Tutti i dati. Sono attualmente 6520 - informano dalla Regione - i lavoratori che in Umbria usufruiscono degli ammortizzatori sociali in deroga e si stima che entro la fine del 2009 raggiungeranno le 8mila unità. Delle 1095 imprese che hanno fatto domanda, 946 hanno già passato l’esame congiunto in Regione, di queste circa i tre quarti sono artigiane. Fra le imprese 10 hanno chiesto la mobilità in deroga per 67 lavoratori, mentre le rimanenti hanno avanzato richiesta di CIG per il massimo periodo consentito. Il 20% delle imprese opera nel comparto dell’abbigliamento e circa il 7% nel tessile. Rilevante (18,2%) anche il numero di richieste provenienti dalla metallurgia, dalla lavorazione dei materiali non metalliferi (8,6%), dalle costruzioni (8%), dalla lavorazione del legno (7%) e dal commercio (6,8%).
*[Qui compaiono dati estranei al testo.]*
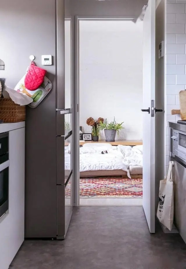 Phòng ngủ thông với phòng tắm và phòng chứa đồ trong bếp, tạo lối đi “di cư” thuận tiện. Ảnh: 6parkbbs
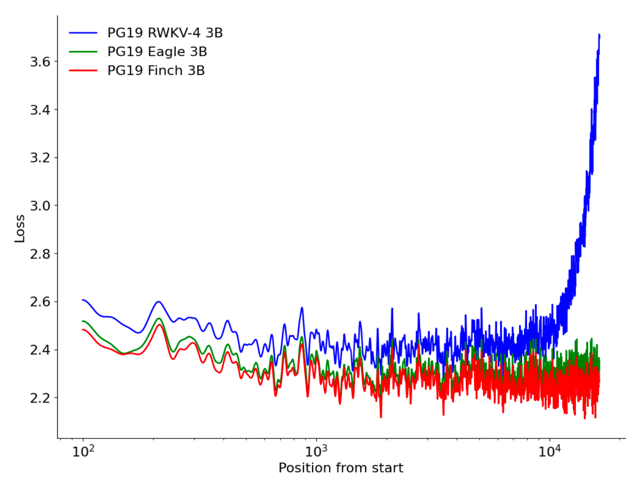 Conquering Long Sequences: The Achilles' heel of traditional RNNs is the vanishing gradient problem. Succinctly, RNNs lose visibility of the first word as they get deep into a sequence of text. The new architectures address this through certain innovations. Eagle/Finch uses a limited time-step window for their recurrence mechanism, enabling handling of unbounded sequence lengths. Hawk/Griffin employ fixed-size hidden states and local attention, avoiding the quadratic memory growth of Transformers.
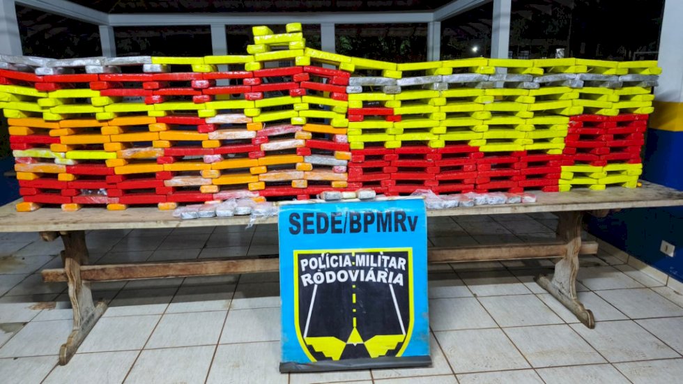 Conforme a ocorrência, os policiais abordaram o carro e perceberam forte odor de entorpecente. Ao verificar o porta-malas — inicialmente informado pelo condutor como “estragado” — os militares localizaram grande quantidade da droga.
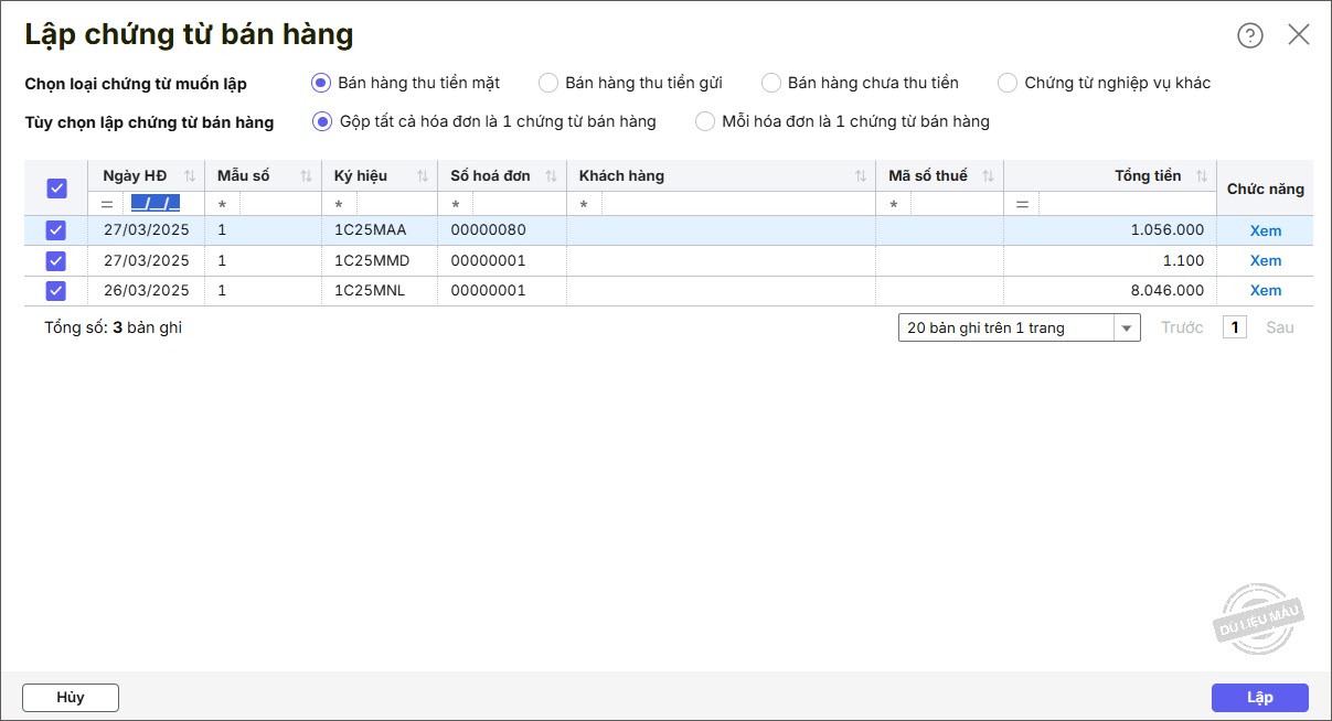 Bước 6: Phần mềm tự động tích chọn loại chứng từ muốn lập dựa trên Hình thức thanh toán trên hóa đơn (có thể chọn lại loại chứng từ cần lập là Bán hàng thu tiền ngay, bán hàng chưa thu tiền, chứng từ nghiệp vụ khác nếu muốn thay đổi ). Nhấn Lập.

Dei lavoratori, che sono per il 14,3% stranieri e per quasi il 45% donne, il 65% sono operai, le figure impiegatizie sono il 10%, mentre gli apprendisti sono circa il 20% (con un’incidenza elevata in quanto tale categoria non rientra nel campo di applicazione di CIGO e GIGS). Perciò l’età media dei lavoratori risulta piuttosto bassa: quasi la metà ha meno di 35 anni (i soggetti con meno di 25 anni sono il 16,6%, i 25-34enni il 30%, i 35-44enni il 27,3% e gli over 44 il restante 26,1%). Risulta molto contenuta (2,4%) la presenza di laureati, di contro la metà dei lavoratori è in possesso della licenza media inferiore. I qualificati sono il 5,3% e i diplomati il 28,2%. Del 14,6% dei lavoratori non si conosce il titolo di studio o ne posseggono uno non riconosciuto nel nostro Paese. Per quanto riguarda la dislocazione territoriale, netta è la prevalenza della provincia di Perugia sulla quale sembra concentrarsi maggiormente la crisi. Quasi il 90% delle domande proviene da aziende con sede legale nella provincia di Perugia in cui opera l’83% dei lavoratori. Considerando il domicilio: l’82,5% dei lavoratori è della provincia di Perugia (il 40,6% nell’area del Centro per l’impiego di Perugia, il 21,2% in quella del CPI di Città di Castello e il 20,7% in quella del CPI di Foligno), il 14,9% di quella di Terni (il 12,4% nell’area del Centro per l’impiego di Terni e il 2,5% in quella del CPI di Orvieto) e il restante 2,6% lavora in aziende umbre ma è domiciliato in comuni limitrofi alla nostra regione.